Breakout Session
In this presentation, I will introduce disaggregated state, a novel architecture we propose in Flink 2.0. It leverages Distributed File Systems (DFS) as the primary storage solution to address critical challenges faced by Flink in the cloud-native era, including:
● Limited local disk capabilities in containerized environments.
● Inefficient resource utilization due to compaction in the existing state model.
● Scalability bottlenecks encountered with large state sizes
● Time-consuming and cumbersome checkpointing processes.
However, simply extending the state store to read/write from remote DFS is insufficient due to the existing blocking execution model in Flink. PoC results show that directly reading/writing to DFS can be 95% slower than local disks.
Presentation Highlights:
● Overcoming the Blocking Execution Model: Explore solutions for asynchronous execution model and APIs to facilitate non-blocking execution.
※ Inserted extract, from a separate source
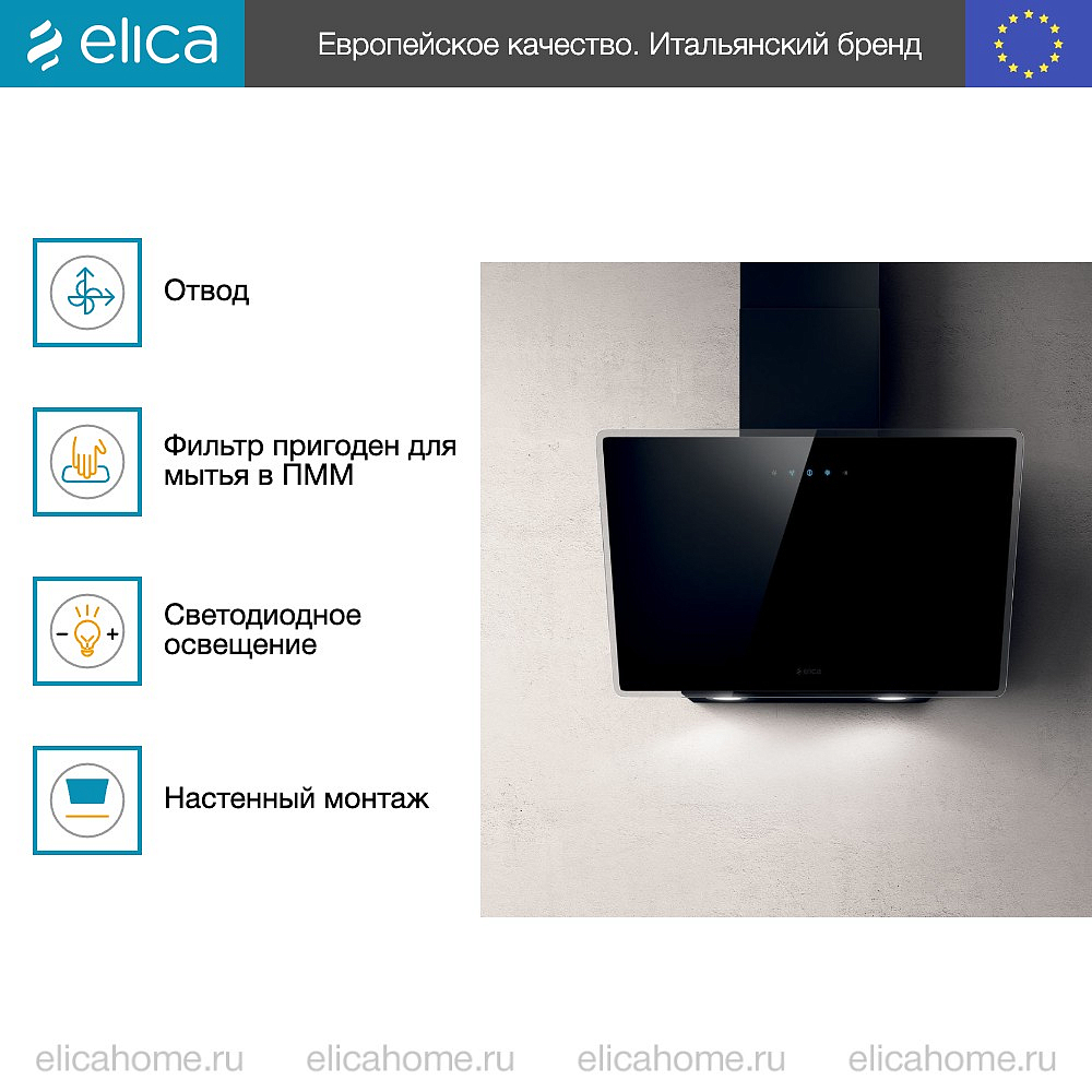 Устройство крепится к стене. В ассортименте Elica на стену монтируются настенные и наклонные вытяжки.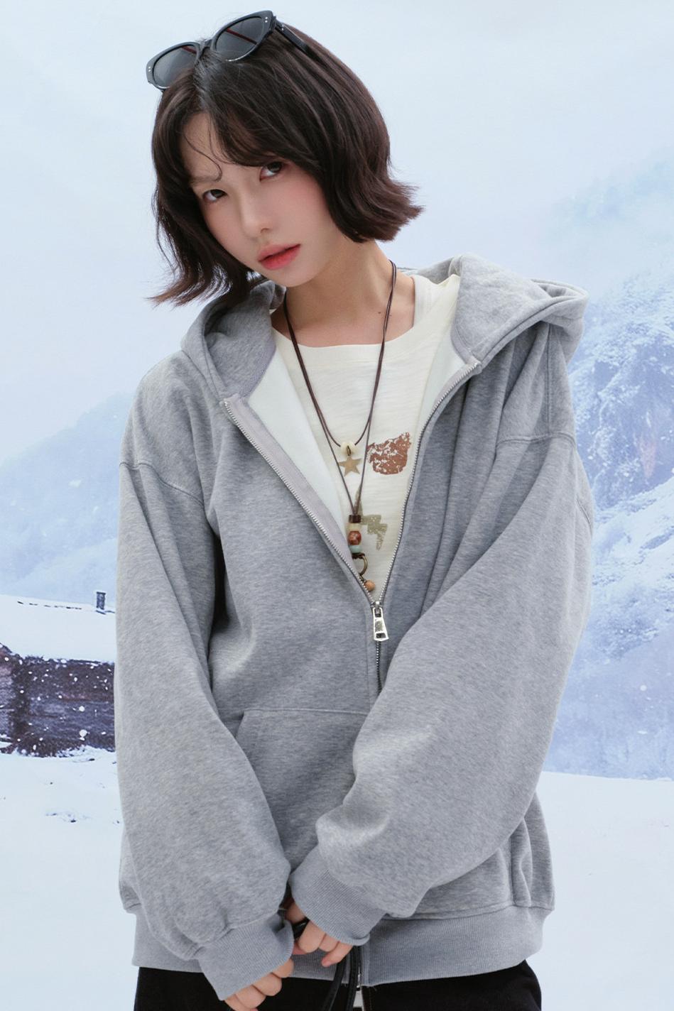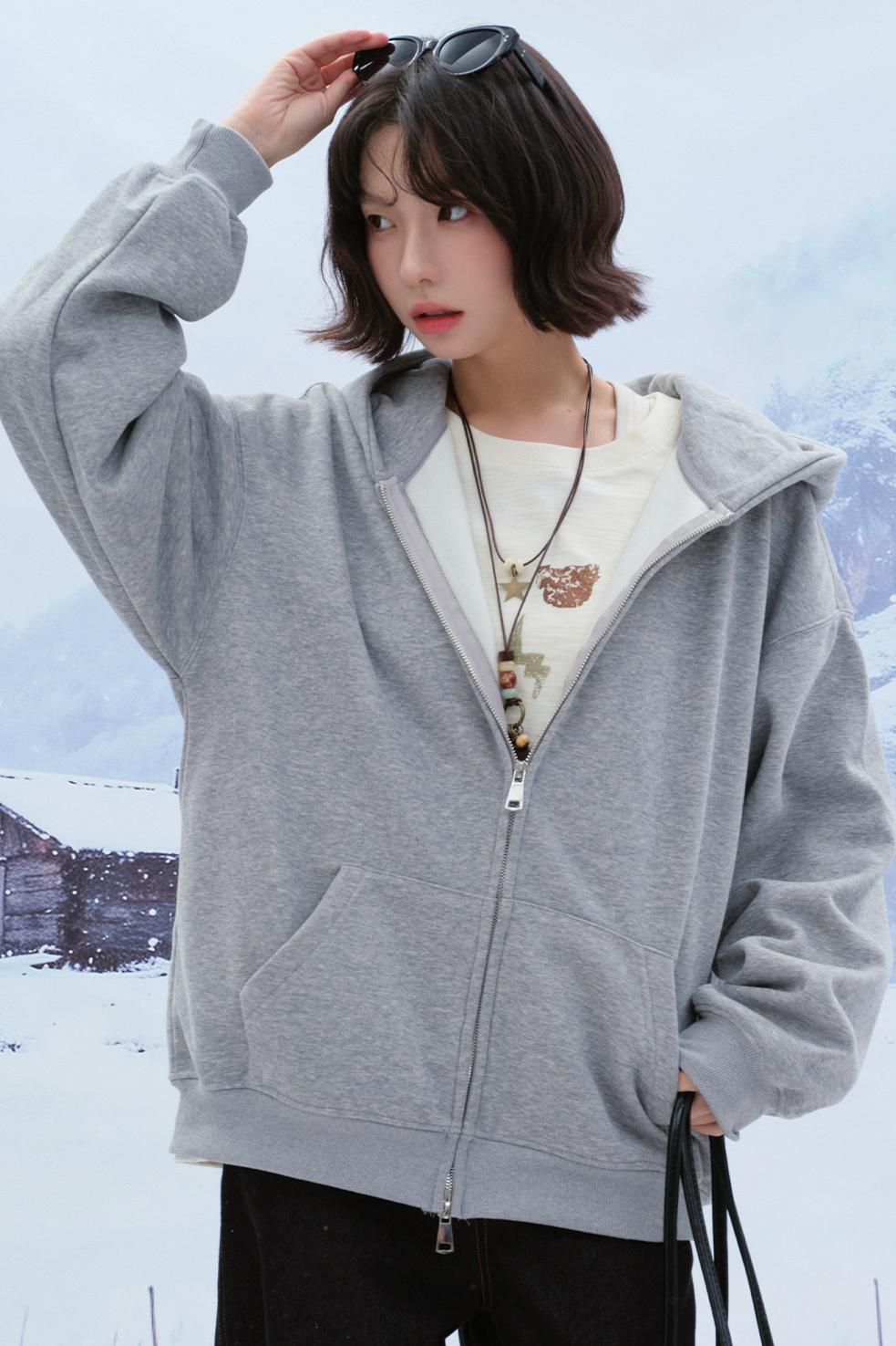 カジュアルルーズフードパーカー

Addressing challenges like preserving processing order for identical keys, checkpointing synchronization, and handling disordered watermarks and timers.
● Grouping Remote State Access: Enable efficient retrieval of remote state data in batches, minimizing the impact of round-trip times associated with RPC calls.
● Efficient Fault Tolerance and Fast Rescaling: integrate the checkpointing mechanisms with the disaggregated state store for efficient fault tolerance and fast rescaling.
● Flink 2.0 Release: The first beta version of disaggregated state is integrated with asynchronous SQL operators.
Overall, this presentation aims to provide a comprehensive overview of disaggregated state storage we propose in Flink 2.0, empowering Flink to continue as a leading stateful stream processing engine in the cloud-native landscape. Please refer to FLIPs (FLIP-423 to FLIP-428) we've published for further details.